A Continuous Glucose Monitor (CGM) is a medical device that automatically tracks glucose levels throughout the day and night. This technology uses a small sensor inserted under the skin to measure interstitial fluid glucose, providing real-time data and trend arrows to improve management. Determining who qualifies for this tool involves meeting specific medical criteria and navigating established coverage standards.
Core Medical Eligibility Criteria
Qualification for a personal CGM device is primarily determined by a medical need to manage blood sugar variations that could lead to immediate health risks. The most direct path to eligibility is a confirmed diagnosis of diabetes mellitus coupled with a treatment regimen that involves insulin. This applies to individuals with Type 1 diabetes and many with Type 2 diabetes. Recent policy changes have expanded coverage to any patient treated with insulin, regardless of the dose or frequency.
Major payers have largely eliminated the original restriction requiring multiple daily injections or continuous pump use. This expansion recognizes the clinical benefit of CGM for individuals using even basal (long-acting) insulin to achieve better glycemic control. The device provides necessary insight into how different insulin doses affect glucose levels throughout the day and night.
A second path to qualification exists for individuals who experience frequent or problematic low blood sugar, known as hypoglycemia. This criterion applies even if diabetes is managed without insulin. Problematic hypoglycemia is defined as a documented history of recurrent Level 2 events, where glucose is measured below 54 milligrams per deciliter (mg/dL).
Alternatively, qualification is met by documenting at least one Level 3 hypoglycemic event. A Level 3 event is severe enough to require assistance from another person for treatment. Regardless of the diagnosis, the treating practitioner must conclude that the patient meets the necessary medical criteria.

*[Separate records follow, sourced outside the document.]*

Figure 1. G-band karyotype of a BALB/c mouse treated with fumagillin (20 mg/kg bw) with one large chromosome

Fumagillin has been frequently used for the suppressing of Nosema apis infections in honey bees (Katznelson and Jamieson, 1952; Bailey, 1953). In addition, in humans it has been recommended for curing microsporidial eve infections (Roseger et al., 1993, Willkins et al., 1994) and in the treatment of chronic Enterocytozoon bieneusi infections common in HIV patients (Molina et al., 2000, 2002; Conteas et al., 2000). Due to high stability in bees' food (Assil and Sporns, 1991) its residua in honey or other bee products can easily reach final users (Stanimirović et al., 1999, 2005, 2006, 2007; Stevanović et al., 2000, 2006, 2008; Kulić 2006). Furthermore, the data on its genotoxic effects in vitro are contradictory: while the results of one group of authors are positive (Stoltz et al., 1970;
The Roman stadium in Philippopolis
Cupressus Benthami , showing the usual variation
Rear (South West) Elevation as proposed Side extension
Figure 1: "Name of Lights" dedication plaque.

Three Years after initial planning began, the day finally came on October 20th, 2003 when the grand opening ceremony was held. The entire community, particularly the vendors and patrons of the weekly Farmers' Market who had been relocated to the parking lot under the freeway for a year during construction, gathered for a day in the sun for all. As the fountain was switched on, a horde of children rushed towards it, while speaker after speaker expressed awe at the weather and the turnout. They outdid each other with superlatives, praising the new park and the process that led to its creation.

Specific Use and Management Requirements
Medical eligibility alone is often insufficient; patients must also demonstrate the ability and willingness to actively use the device. Continuous coverage requires proof that the patient remains committed to their overall diabetes treatment plan and shows evidence of consistent device usage.
Before the device is prescribed, the patient or their caregiver must receive sufficient training in its proper use. This training ensures they understand how to apply the sensor, interpret the data, and make appropriate adjustments to their insulin or other therapies. The prescription for the CGM system can often serve as the documentation that this initial training has taken place.
A structured relationship with the healthcare provider is mandated to ensure the data is used therapeutically. The treating practitioner must have an in-person or Medicare-approved telehealth visit with the patient within six months before ordering the CGM. This visit evaluates the patient’s diabetes control and confirms eligibility criteria are being met. The provider is responsible for documenting that the patient requires adjustment to their treatment regimen based on the glucose results.
For continued coverage after the initial prescription, the patient must have a follow-up visit with the provider at least every six months. During these bi-annual encounters, the provider must document the patient’s adherence to the CGM regimen and their overall diabetes treatment plan. A short-term trial using a professional CGM system can be used to assess readiness.
Navigating Insurance and Coverage Standards
Financial qualification often involves meeting strict standards imposed by payers, which may exceed the medical necessity established by a physician. Major public payers, such as Medicare, classify the CGM system as Durable Medical Equipment (DME) and provide coverage under Part B. These rules set a strong precedent that many private insurance companies follow.
Current Medicare coverage criteria require the patient to have a diabetes diagnosis and be treated with insulin, or have a history of problematic hypoglycemia. The device must be prescribed in accordance with its FDA-approved indications for use. Importantly, the physician must explicitly document in the patient’s medical chart that all these coverage requirements have been met.
While Medicare coverage has expanded, private insurance coverage varies significantly, especially for individuals with Type 2 diabetes not on intensive insulin therapy. Clinical guidelines increasingly support CGM use for individuals treated with non-intensive insulin or non-insulin medications. However, coverage for these less-intensive patient populations is often limited or non-existent.
Even when coverage is approved, the patient is responsible for specific out-of-pocket costs. Under Medicare Part B, the patient pays a deductible, followed by a 20% coinsurance for the CGM and related supplies. If the patient has a Medicare Advantage plan, coverage must be at least equivalent to Part B, though co-payments and deductibles may differ based on the plan. Qualification is not permanent; it is tied to required six-month check-ups where the provider must confirm the patient continues to meet the criteria for ongoing use.